##### Data listing #####

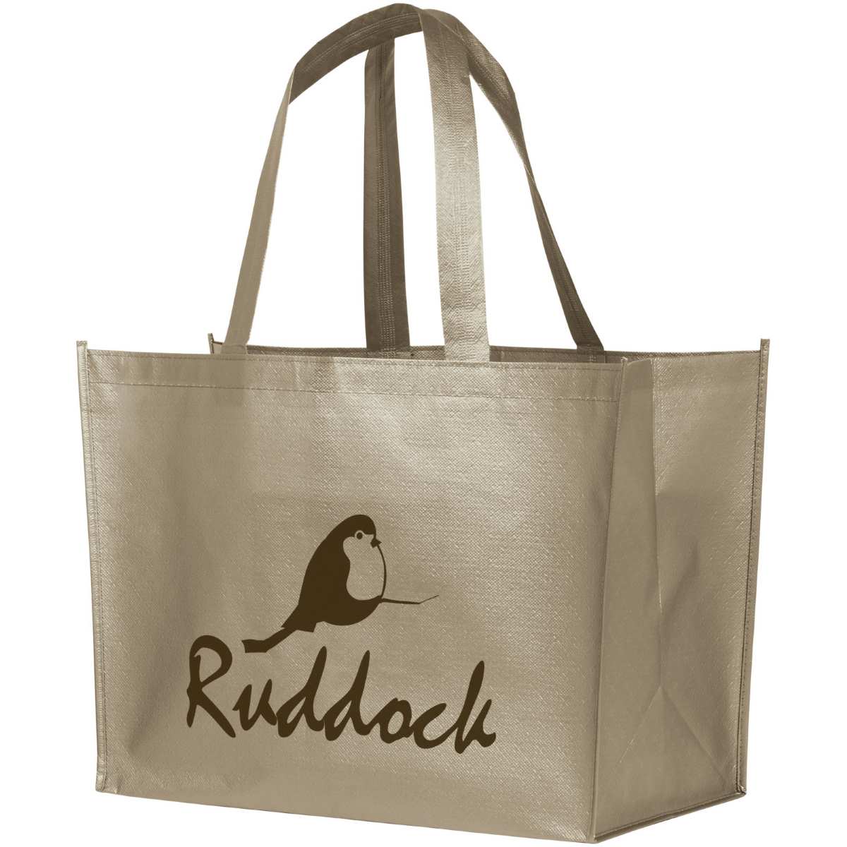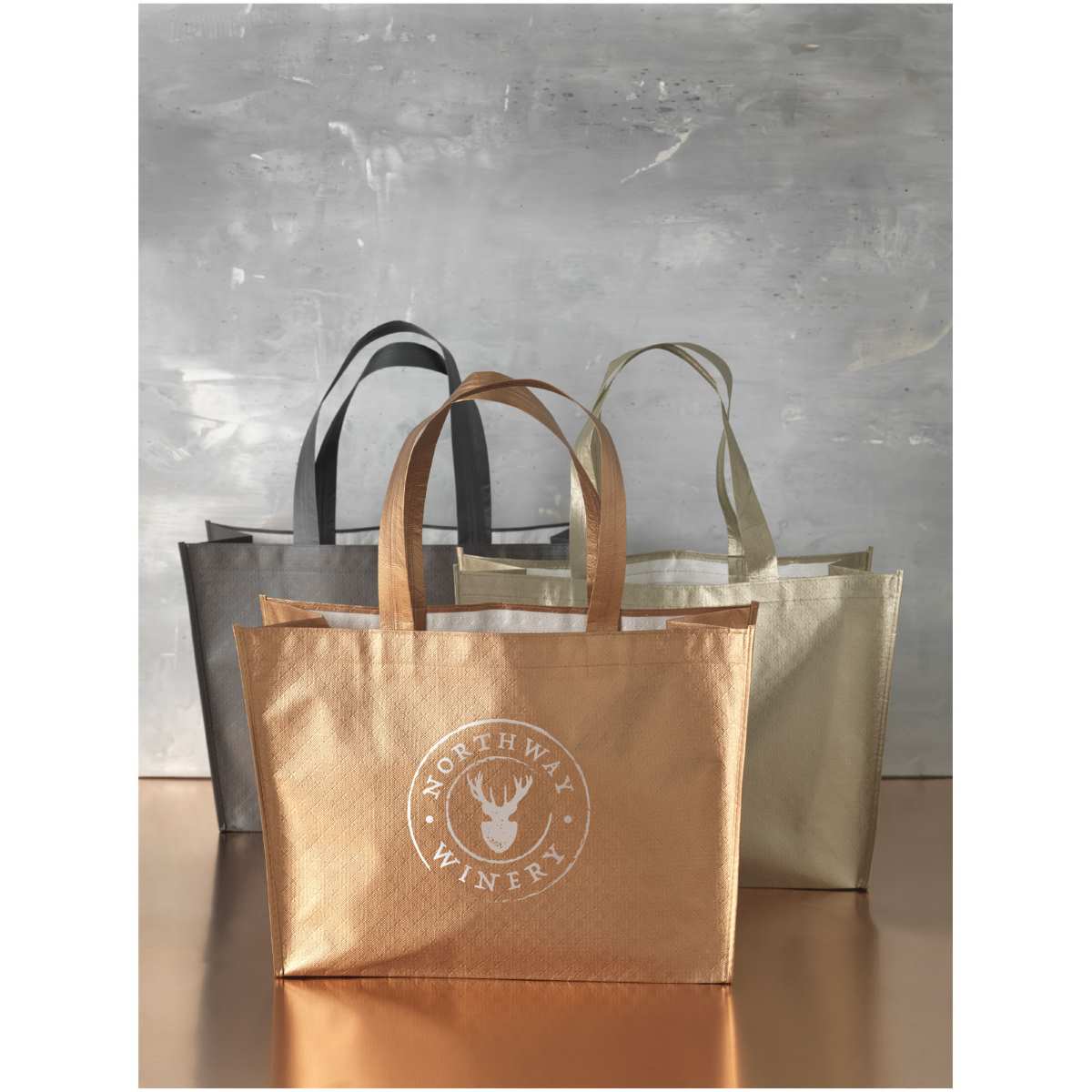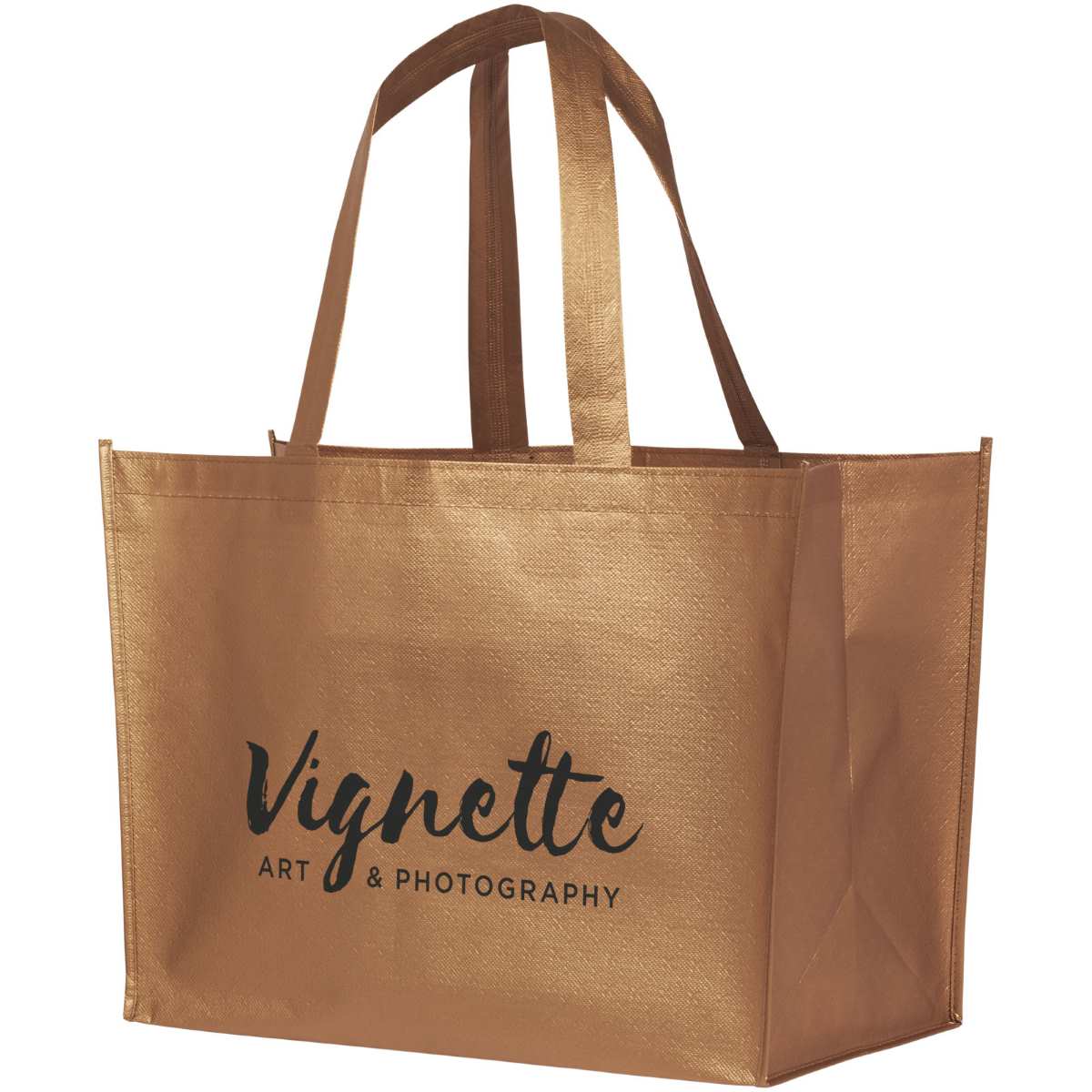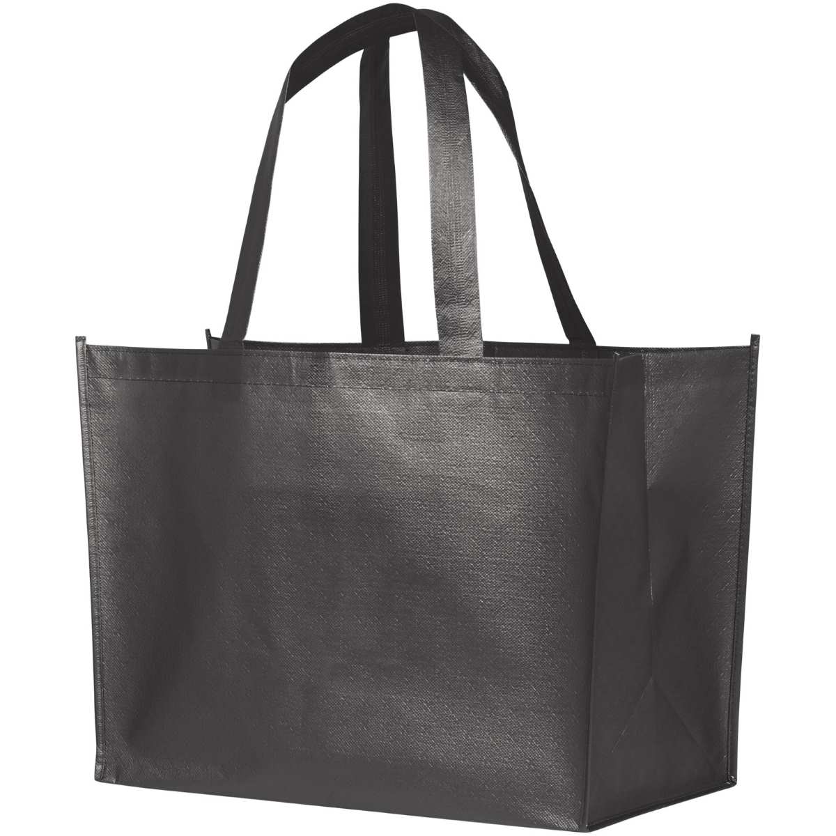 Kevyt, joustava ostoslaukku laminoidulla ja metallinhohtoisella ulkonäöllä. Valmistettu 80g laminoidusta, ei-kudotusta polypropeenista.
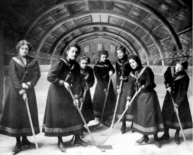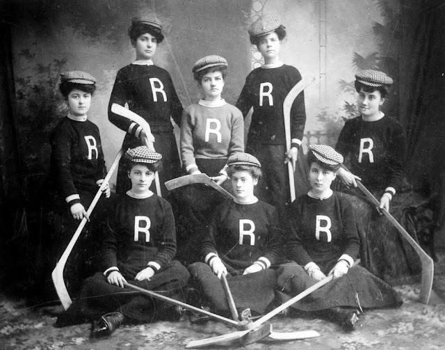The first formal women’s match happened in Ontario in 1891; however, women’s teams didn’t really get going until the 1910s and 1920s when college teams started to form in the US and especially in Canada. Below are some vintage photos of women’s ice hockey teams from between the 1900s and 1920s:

#####
##### Data listing #####

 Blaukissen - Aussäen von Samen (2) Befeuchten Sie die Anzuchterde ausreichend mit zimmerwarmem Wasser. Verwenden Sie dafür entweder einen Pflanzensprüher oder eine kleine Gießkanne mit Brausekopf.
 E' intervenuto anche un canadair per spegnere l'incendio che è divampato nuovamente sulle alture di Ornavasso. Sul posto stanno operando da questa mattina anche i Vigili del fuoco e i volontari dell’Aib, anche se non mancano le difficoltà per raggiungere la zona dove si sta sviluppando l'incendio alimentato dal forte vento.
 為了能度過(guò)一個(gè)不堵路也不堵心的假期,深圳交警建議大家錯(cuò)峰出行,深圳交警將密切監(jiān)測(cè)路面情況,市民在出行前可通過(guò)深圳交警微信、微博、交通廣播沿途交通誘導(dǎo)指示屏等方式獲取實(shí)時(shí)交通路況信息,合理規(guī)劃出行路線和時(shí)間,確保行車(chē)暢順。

#####
##### Data listing #####

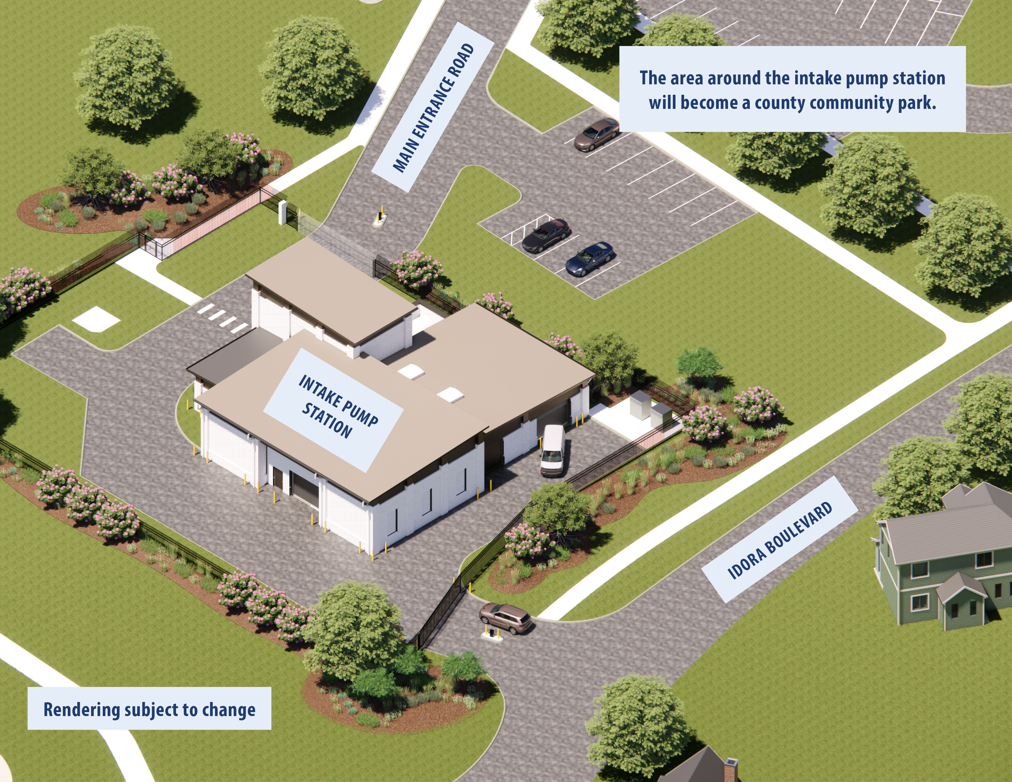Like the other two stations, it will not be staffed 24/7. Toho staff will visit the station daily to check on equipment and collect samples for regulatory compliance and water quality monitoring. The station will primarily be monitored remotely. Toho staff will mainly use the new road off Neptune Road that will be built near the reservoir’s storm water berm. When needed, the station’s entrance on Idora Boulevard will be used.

#####

# To do
Above is the material; set down exactly its lines from the one containing "Kevyt, joustava ostoslaukku" down to the one containing "The first formal", both included, leaving out any pictures.

# Solved exercise
 Kevyt, joustava ostoslaukku laminoidulla ja metallinhohtoisella ulkonäöllä. Valmistettu 80g laminoidusta, ei-kudotusta polypropeenista.
The first formal women’s match happened in Ontario in 1891; however, women’s teams didn’t really get going until the 1910s and 1920s when college teams started to form in the US and especially in Canada. Below are some vintage photos of women’s ice hockey teams from between the 1900s and 1920s:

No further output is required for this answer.